Syriac Catholic archbishop (born 1959)

Yaqoub Joseph Abdel-Jalil Chami (born 15 August 1959) is a Syrian Syriac Catholic hierarch, who has served as the Archbishop of Hasakah–Nisibis since 2022.

== Biography ==
Joseph Chami was born in Hassaké, Syria, in 1959. In 1972, he entered the Minor Seminary and completed his ecclesiastical studies in 1982 at the Holy Spirit University of Kaslik.

He was ordained a priest on 21 June 1987 for the Syriac Catholic Patriarchal Eparchy of Beirut. Following his ordination, he served in various pastoral roles, including parish priest of the Cathedral of Hassaké and as a judicial vicar. He later served as the patriarchal administrator of the Archeparchy since 31 October 2019, following the retirement of Archbishop Jacques Behnan Hindo in 2019.

=== Episcopal Ministry ===
On 12 May 2022, after election by the Synod of the Syriac Catholic Church and confirmation by Pope Francis, he was appointed Archbishop of the Syriac Catholic Archeparchy of Hasakah-Nisibis. He was consecrated and enthroned on 18 June 2022 by Patriarch Ignatius Joseph III Yonan, taking the episcopal name Yaqoub.

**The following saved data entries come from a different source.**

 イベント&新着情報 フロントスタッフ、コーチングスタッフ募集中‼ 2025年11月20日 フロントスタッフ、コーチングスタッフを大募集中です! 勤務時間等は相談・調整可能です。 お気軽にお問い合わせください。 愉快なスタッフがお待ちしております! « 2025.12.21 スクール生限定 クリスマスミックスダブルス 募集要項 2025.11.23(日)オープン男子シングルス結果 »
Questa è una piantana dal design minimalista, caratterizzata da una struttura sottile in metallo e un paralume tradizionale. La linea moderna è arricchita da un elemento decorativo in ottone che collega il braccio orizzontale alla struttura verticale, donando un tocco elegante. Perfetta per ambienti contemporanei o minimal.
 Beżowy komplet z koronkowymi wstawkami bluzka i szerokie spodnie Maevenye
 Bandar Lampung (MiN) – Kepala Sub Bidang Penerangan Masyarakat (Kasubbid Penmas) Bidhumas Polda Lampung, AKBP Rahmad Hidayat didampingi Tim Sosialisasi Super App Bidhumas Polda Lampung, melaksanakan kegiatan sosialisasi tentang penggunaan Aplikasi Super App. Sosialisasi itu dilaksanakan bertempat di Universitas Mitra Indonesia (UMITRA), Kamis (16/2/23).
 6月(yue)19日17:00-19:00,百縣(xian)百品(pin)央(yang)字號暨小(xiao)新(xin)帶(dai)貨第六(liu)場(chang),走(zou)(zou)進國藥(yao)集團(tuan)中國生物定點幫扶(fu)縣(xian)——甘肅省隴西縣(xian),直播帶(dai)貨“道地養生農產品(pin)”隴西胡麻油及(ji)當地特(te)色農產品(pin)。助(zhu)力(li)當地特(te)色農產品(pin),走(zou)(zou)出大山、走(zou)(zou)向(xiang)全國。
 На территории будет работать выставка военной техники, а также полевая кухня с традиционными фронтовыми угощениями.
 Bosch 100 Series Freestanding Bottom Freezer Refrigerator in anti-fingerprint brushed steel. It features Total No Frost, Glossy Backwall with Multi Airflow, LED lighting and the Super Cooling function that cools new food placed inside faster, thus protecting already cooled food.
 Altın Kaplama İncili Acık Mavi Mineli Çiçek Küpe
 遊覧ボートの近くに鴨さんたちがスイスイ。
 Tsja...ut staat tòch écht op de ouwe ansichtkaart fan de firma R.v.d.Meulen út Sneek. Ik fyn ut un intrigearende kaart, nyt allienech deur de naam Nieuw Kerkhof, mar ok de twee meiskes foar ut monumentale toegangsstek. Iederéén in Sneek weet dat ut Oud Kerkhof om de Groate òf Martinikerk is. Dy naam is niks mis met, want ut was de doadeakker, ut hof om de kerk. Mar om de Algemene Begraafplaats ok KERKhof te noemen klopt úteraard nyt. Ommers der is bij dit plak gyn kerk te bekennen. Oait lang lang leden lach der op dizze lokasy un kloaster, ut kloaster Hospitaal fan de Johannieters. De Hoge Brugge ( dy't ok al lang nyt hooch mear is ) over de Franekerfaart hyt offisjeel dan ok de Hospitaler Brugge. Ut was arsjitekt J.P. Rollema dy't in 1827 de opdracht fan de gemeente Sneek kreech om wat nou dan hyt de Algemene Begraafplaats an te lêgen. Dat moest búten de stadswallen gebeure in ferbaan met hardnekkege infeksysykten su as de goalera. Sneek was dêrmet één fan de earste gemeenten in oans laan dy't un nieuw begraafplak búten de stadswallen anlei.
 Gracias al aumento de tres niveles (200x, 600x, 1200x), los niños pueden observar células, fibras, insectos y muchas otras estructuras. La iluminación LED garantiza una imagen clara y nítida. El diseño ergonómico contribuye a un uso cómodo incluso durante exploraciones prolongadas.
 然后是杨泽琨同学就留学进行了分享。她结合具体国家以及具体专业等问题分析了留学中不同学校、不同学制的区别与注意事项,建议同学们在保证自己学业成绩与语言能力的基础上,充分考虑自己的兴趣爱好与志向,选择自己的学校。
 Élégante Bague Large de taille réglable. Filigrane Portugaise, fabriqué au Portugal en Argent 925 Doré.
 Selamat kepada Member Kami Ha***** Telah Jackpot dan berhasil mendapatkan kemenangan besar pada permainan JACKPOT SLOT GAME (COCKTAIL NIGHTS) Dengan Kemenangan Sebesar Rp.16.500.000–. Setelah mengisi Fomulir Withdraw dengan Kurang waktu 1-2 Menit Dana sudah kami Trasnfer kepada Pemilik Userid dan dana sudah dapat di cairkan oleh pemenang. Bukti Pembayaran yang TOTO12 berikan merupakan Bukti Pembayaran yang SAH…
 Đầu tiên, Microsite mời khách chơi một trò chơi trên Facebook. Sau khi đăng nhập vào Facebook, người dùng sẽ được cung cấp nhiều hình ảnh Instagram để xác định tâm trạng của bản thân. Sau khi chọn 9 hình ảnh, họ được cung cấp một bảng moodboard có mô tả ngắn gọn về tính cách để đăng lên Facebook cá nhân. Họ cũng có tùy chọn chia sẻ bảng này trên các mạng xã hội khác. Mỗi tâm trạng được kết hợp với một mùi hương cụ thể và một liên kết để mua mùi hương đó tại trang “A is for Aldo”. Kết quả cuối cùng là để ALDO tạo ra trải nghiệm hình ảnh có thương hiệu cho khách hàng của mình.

In 2024, Chami announced that the Christian community in the region would not participate in municipal elections, citing concerns over the legal framework and the controversial nature of the electoral process in a conflict zone. He remains an active member of the annual synods of the Syriac Catholic Church.